**DATA PROVIDED:**
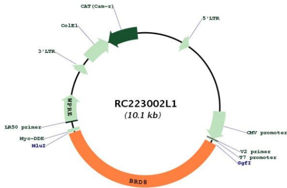
Circular map for RC223002L1
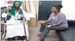
Man who claims to have found cure for HIV get schooled on mode of
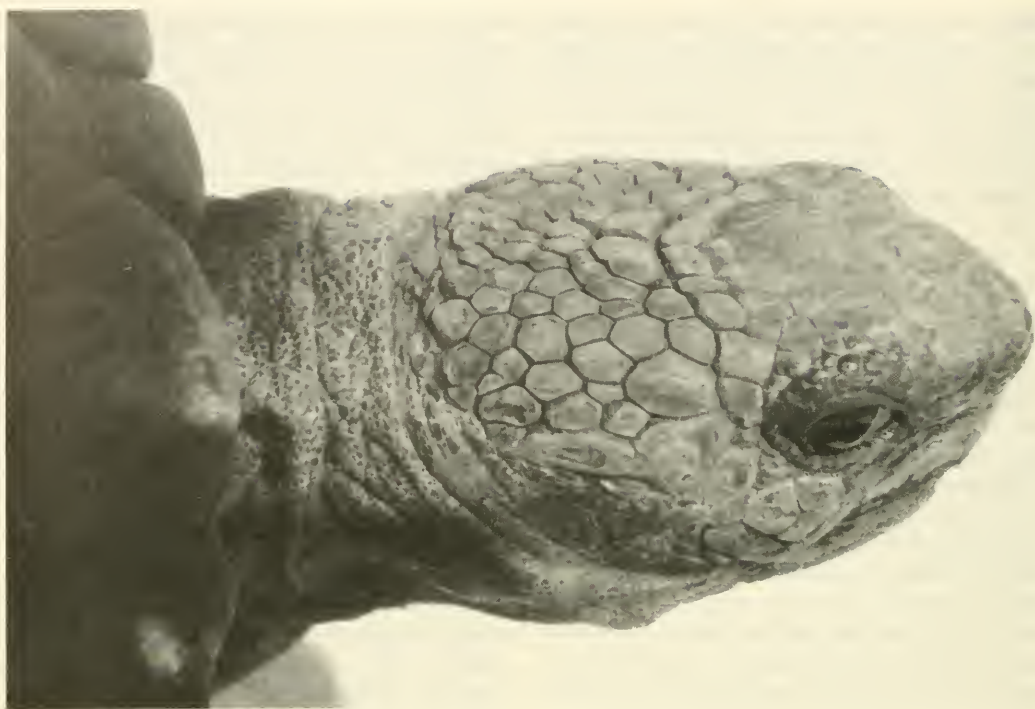
Fig. 2. Dorsolateral view of the head of BYU 39707, showing the small, smooth frontal and prefrontal scales and the abrupt transition to the thickened, raised parietal and temporal scales.

X. lepidocephalus reflect primitive or derived conditions within the genus.

**TASK PROMPT:**
Set down the material above word for word and skip its pictures.

**ANSWER TO THE PROBLEM:**
Circular map for RC223002L1
Man who claims to have found cure for HIV get schooled on mode of
Fig. 2. Dorsolateral view of the head of BYU 39707, showing the small, smooth frontal and prefrontal scales and the abrupt transition to the thickened, raised parietal and temporal scales.

X. lepidocephalus reflect primitive or derived conditions within the genus.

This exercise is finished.